Быстро попятившись, он схватил кинжал с пояса своей любимой.
Тэйн вздохнул и снова нарушил правила боя.
— Ты слишком упрям, парень.
Он убрал мечи в ножны, сбросил пояс и, сняв шлем, положил его между мечами, затем подошел к Торфину.
Юноша дважды попытался проткнуть доспехи Тэйна, прежде чем солдат забрал у него кинжал и зашвырнул его далеко в траву Земстви.
Торфин все еще не сдавался.
Тэйн сбил его с ног и ударил ребром ладони сбоку по шее.
Отойдя Тэйн посмотрел вниз. Кинжал Торфина все же нашел щель в доспехах. По блестящему черному нагруднику стекала красная струйка. Поврежденное ребро начало болеть.
Подобрав свой короткий меч, он подошел к Ведьме.

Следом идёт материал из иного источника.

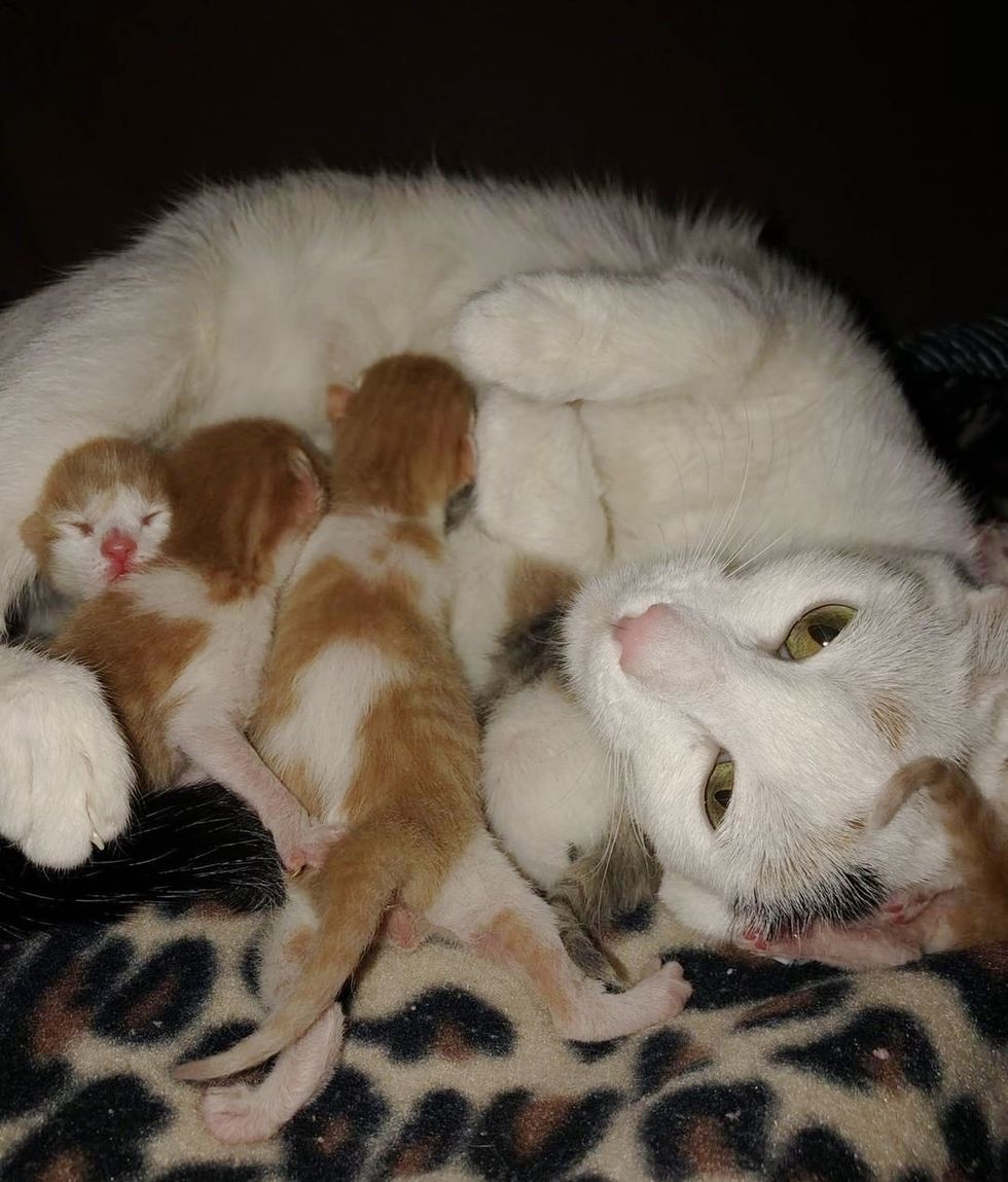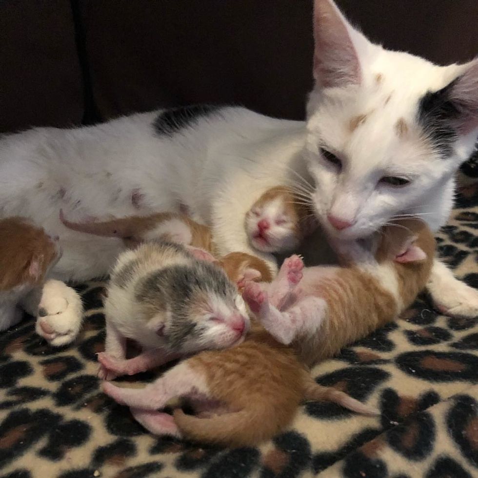 Molly the cat was brought into a shelter in Las Vegas after she was found as a stray. On December 29, she went into labor and gave birth to five little kittens.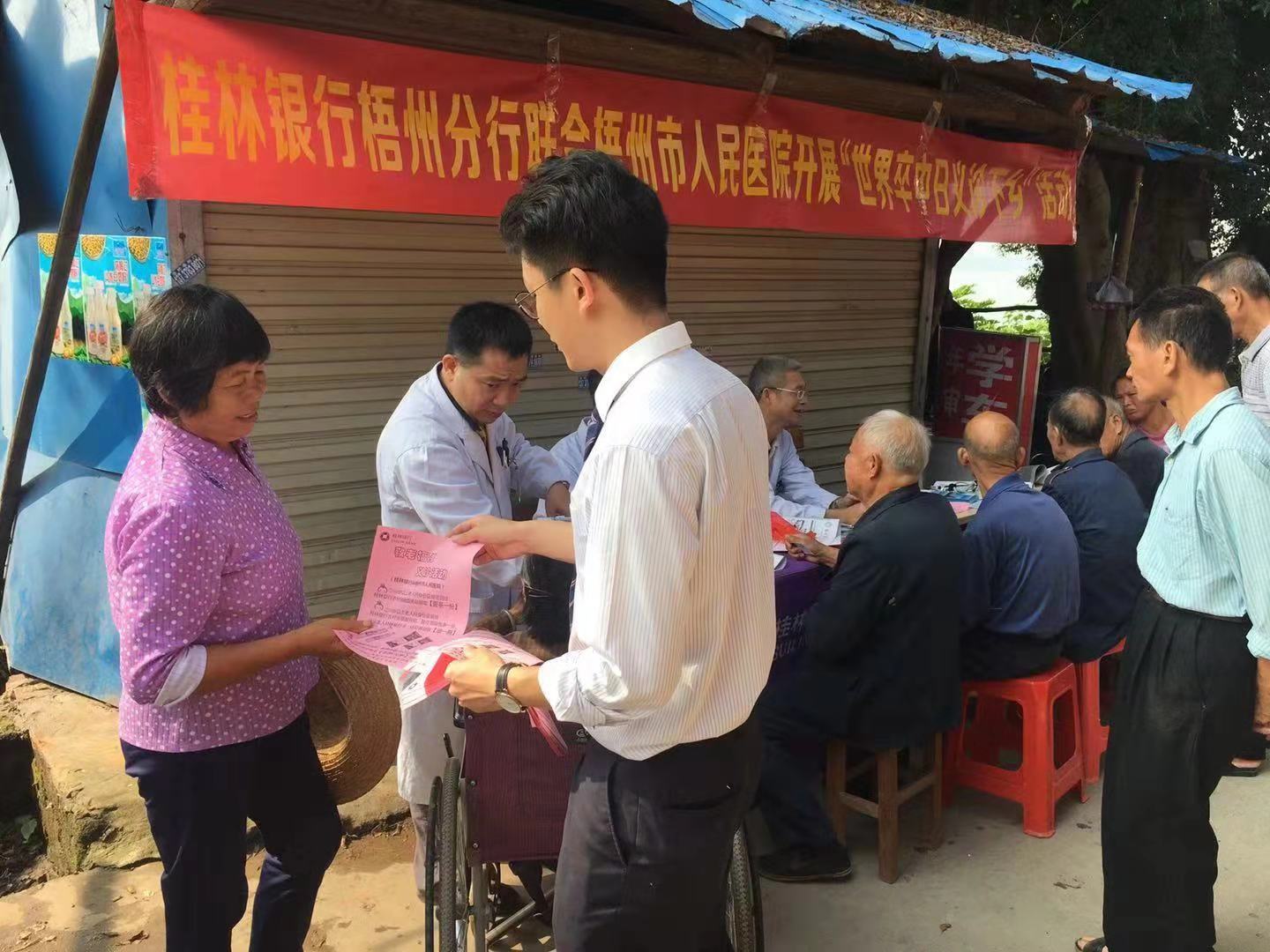 為持續推進健康扶貧人人受益,讓農村老百姓能享受到實實在在的健康服務,桂林銀行梧州新興支行于10月25日邀請梧州市人民醫院專家教授一行8人前往該行對接的長洲鎮寺沖村,開展下鄉敬老福利-“世界卒中日健康義診”活動。 該行于近期在寺沖村設立了農村金融服務站,在開展金融活動中了解到寺沖村常住人口中老年人居多、因病在村休養人員就診不便、群眾對常見病、慢性病重視不夠等實際問題,特邀市人民醫院醫療隊為全村群眾開展扶貧義診,為保障群眾健康提供健康支持。

Еще несколько секунд, и она окончательно победит его магию. Еще несколько секунд, и она сможет его уничтожить.
Но он продолжал колебаться.
Он подумал о ее юности, ее ранимости, ее красоте и понял, каким образом она смогла очаровать Торфина и барона.
— Мама! — жалобно проговорила она.
Тэйн быстро повернулся.
На бастион шагнула Рула.
— Тэйн, не надо! Пожалуйста!
Шли секунды.
Тэйн убрал меч в ножны.
Ширл вздохнула и лишилась чувств.
— Тэйн, я привезла твои вещи. И твоего мула.
Рула шагнула к дочери.
— Огонь прижег рану. О кости я позабочусь.
— Ты сам ранен. Позаботься о себе.
— Это может и подождать.
Десять минут спустя он закончил обрабатывать рану Ширл, затем снял нагрудник и позволил Руле заняться его раной. Рана оказалась небольшой, и шрам от нее с легкостью затеряется среди своих предшественников.
— Лучше уходи, — сказала Рула, закончив. — Охотник…
— Ты остаешься?
Охваченный бескрайней тоской, он отвел взгляд и посмотрел на Земстви. Где-то там был Кай Линг. Он ничего не чувствовал, но это не имело значения. Тот, кто за ним охотился, мог оказаться хитрее его. Возможно, ловушка уже захлопнулась.
— Она моя дочь. Я ей нужна.
Тэйн мрачно собрал свои пожитки и направился к лестнице.
Торфин застонал.
Отложив вещи, Тэйн присел рядом с юношей.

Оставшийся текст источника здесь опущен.